Nous avons un problème systémique. La parole des femmes est trop souvent bafouée, ignorée, méprisée. La justice peine à remplir son rôle. La peine de la cour d’appel de Besançon hier le traduit encore hélas (Condamné en première instance à deux ans de prison dont un ferme, le juge dijonnais soupçonné d’avoir proposé sa fille de 13 ans pour des relations sexuelles (donc au viol) à des inconnus sur internet a vu sa peine allégée par la cour d’appel). Les paroles des femmes sont donc plus précieuses que les autres car plus rares. Elles doivent être protégées contre le harcèlement et l’effet de meute.

Mais être un personnage public vous donne une parole plus écoutée que les autres. Et ceci d’autant plus quand on est député. Cette parole est donc critiquable même si elle l’est parfois de manière injuste. Les limites sont celles de la loi (diffamation, lutte contre le racisme, l’antisémitisme, apologie de la haine etc.)

Dans la matière qui me concerne j’ai trouvé déplacé que l’on critique les historiens qui ont remis en cause le discours de Sandrine Rousseau sur la sorcellerie au Moyen-Age. Elle s’est trompée en s’aventurant dans une matière qu’elle maîtrise mal. Il était logique (et même sain) que ces erreurs soient corrigées. Dire que l’on ne doit pas s’exprimer car c’est une femme me paraît insupportable. Presque insultant pour les femmes justement.

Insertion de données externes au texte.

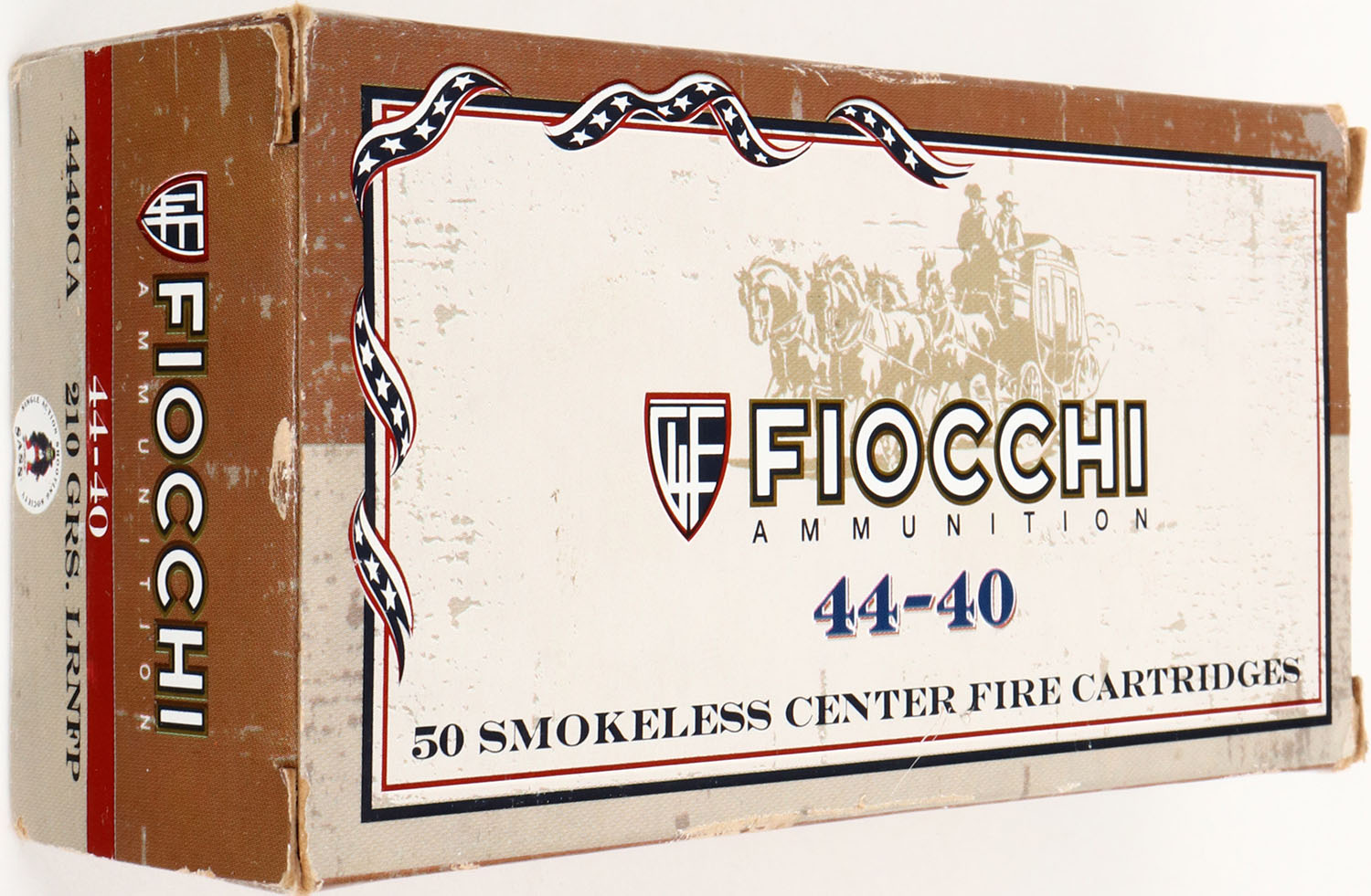 Fiocchi, .44-40, 210 Grs. LRNFP, Partial 45rds. 1pc., brown & white box, box is solid with excellent color, some shelf & corner wear, very minor edge wear, end flaps are solid, ammo is minty. Grade: Excellent ++ - Value: 40 to 120
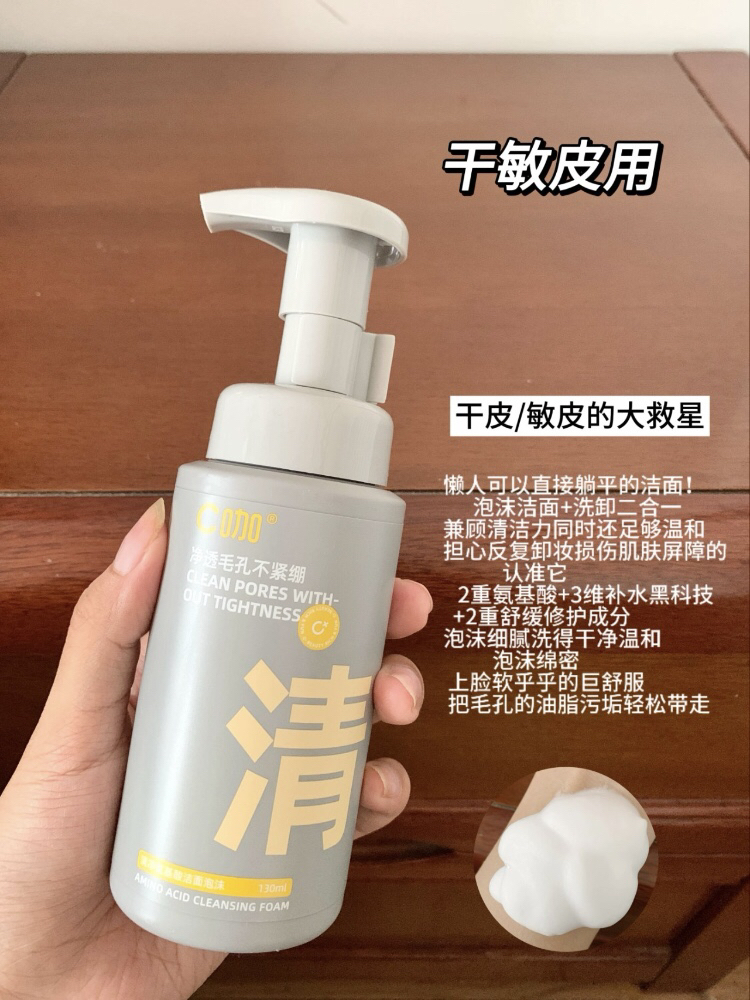全网国货洁面销量第一真不是吹的 现在又出了洁面慕斯把敏感肌也招呼到了 一直在用c咖洗面奶每一款都巨巨巨好用 之前的双管洁面就把我的大油田治理的服服帖帖的 每一款都适用于不同的肤质
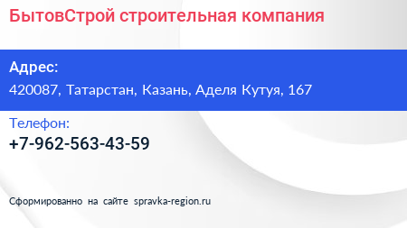БытовСтрой, строительная компания по адресу 420087, Татарстан, Казань, Аделя Кутуя, 167 в дальнейшем Организация, размещена в следующих категориях:
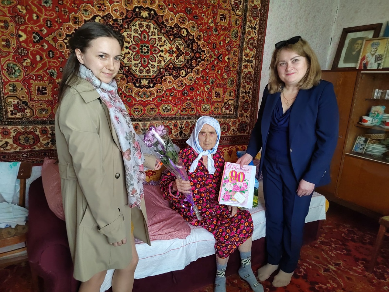 Поздравление президента Российской Федерации, памятные подарки от Областного бюджетного учреждения социального обслуживания «Комплексный центр социального обслуживания населения Курчатовского района и города Курчатова Курской области», вручили директор ОБУСО «КЦСОН Курчатовского района и города Курчатова» Акулова Е.Н., заведующая отделением Польская Я.В., социальный работник Кудрявцева Г. В.
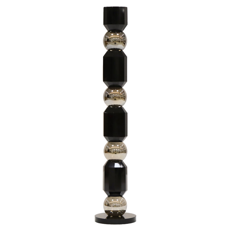 Een elegante kandelaar die warmte en sfeer toevoegt. Ideaal voor een tafelsetting of decoratief arrangement. Het zachte kaarslicht creëert een uitnodigende ambiance.
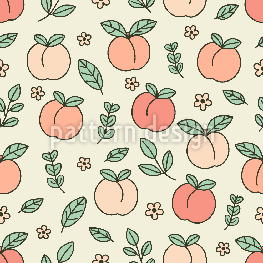 | Beschreibung | Charmantes Muster mit handgezeichneten Pfirsichen, zarten Blüten und üppigen Blättern im Doodle-Stil. | ||
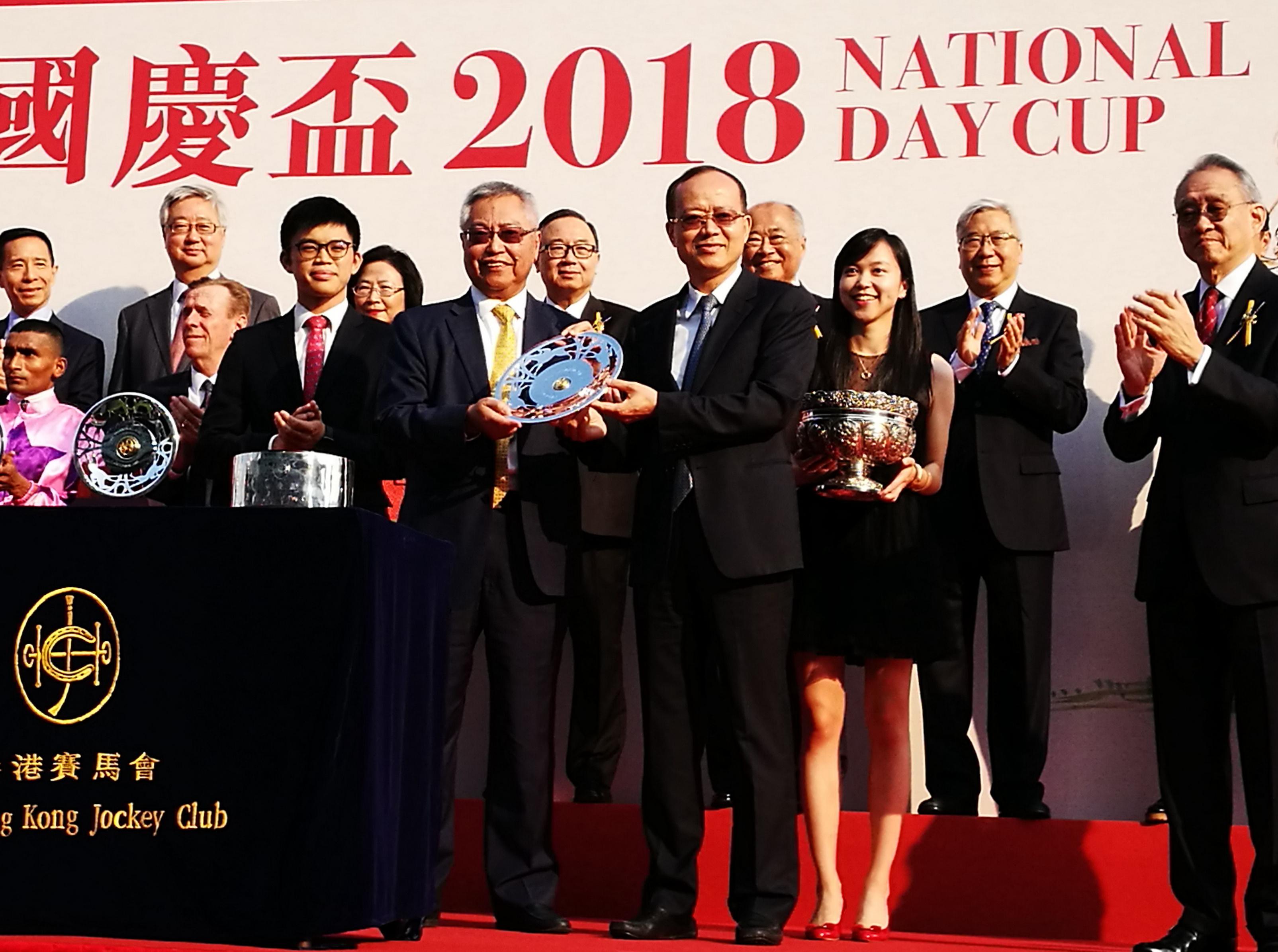 本网讯 10月1日下午,香港赛马会庆祝中华人民共和国成立69周年赛马活动在沙田马场举行。我办副主任杨健应邀出席活动并为“国庆杯”赛事颁奖。

Je n’apprécie pas les sifflets qu’a subis Sandrine Rousseau lors de la manifestation en soutien aux femmes iraniennes en lutte. Je trouve même ça méprisable. Tout le monde devrait être ravi qu’une large majorité soutienne ces femmes. Pour autant je n’apprécie pas non plus qu’elle réponde en affirmant que toutes « les femmes ont toutes été sifflées » et en passant à un faux questionnement sur le fait qu’elle ait été critiquée parce que femme. C’est faux, Laurence Rossignol l’a souligné à juste titre. Elle a pu s’exprimer sans être sifflée, elle n’en reste pas moins femme.

Ces sifflets proviennent de courants que je rejette (comme le printemps républicain par exemple) pour autant ils ne sont pas anodins. Quand Sandrine Rousseau dit que la liberté c’est que chacun puisse porter le voile ou non je la suis. Quand elle dit que les religions ont tendance à soumettre les femmes aussi. Pour autant, quand elle affirme que le voile peut être un outil d’embellissement le discours change de tonalité. Il peut apparaître comme un soutien non pas à la liberté de le porter ou non mais plutôt comme une injonction à le porter, ce qui est différent. C’est peut-être une maladresse mais elle ne l’a jamais corrigée. Il n’est donc pas surprenant que les gens s’en rappellent et lui en tiennent rigueur. Jean-Luc Mélenchon a dû subir une évacuation (que je regrette aussi) dans la marche pour Mireille Knoll en mars 2018. Là aussi ce rejet si détestable soit-il n’était pas venu de nulle part. Il avait été confronté à ses ambiguïtés sur le sujet. Les partisans y verront une cabale contre lui ou son groupe, ce qui permet de ne pas le remettre en question et réfléchir aux causes. C’est une forme de verticalité du pouvoir infantilisante je trouve.

Autre exemple, le souvenir de la manifestation contre l’islamophobie du 19 octobre 2019 reste tenace. Ce n’est pas tant le mot islamophobie qui a posé problème (il faudrait un article à lui seul sur le sujet tellement les incompréhensions sont fortes) que l’association avec le CCIF (collectif contre l’islamophobie) qui était le cœur du conflit.

Quand le Parti socialiste a défilé devant l’assemblée avec le syndicat Alliance (entre autres) en mai 2021 il a fait une grave erreur. On peut être militant et le dire. On doit même le dire. Pour ne plus le refaire. Il faut que EELV et LFI acceptent eux aussi la critique interne et externe quand certains de leurs dirigeants font des erreurs. Personne n’est parfait et le message politique paraît plus clair pour tous.

Nous devrions aussi tous réfléchir collectivement à la violence de nos discours. On ne devrait plus pouvoir traiter à la légère quelqu’un de Khmer vert, Féminazie, ayatollah ou de fasciste. C’est irrespectueux vis-à-vis de ceux qui ont subi ces régimes et ça ne permet en rien d’amorcer un réel débat. Il est évident qu’avec ce type de pratiques, la démocratie risque de mourir d’épuisement.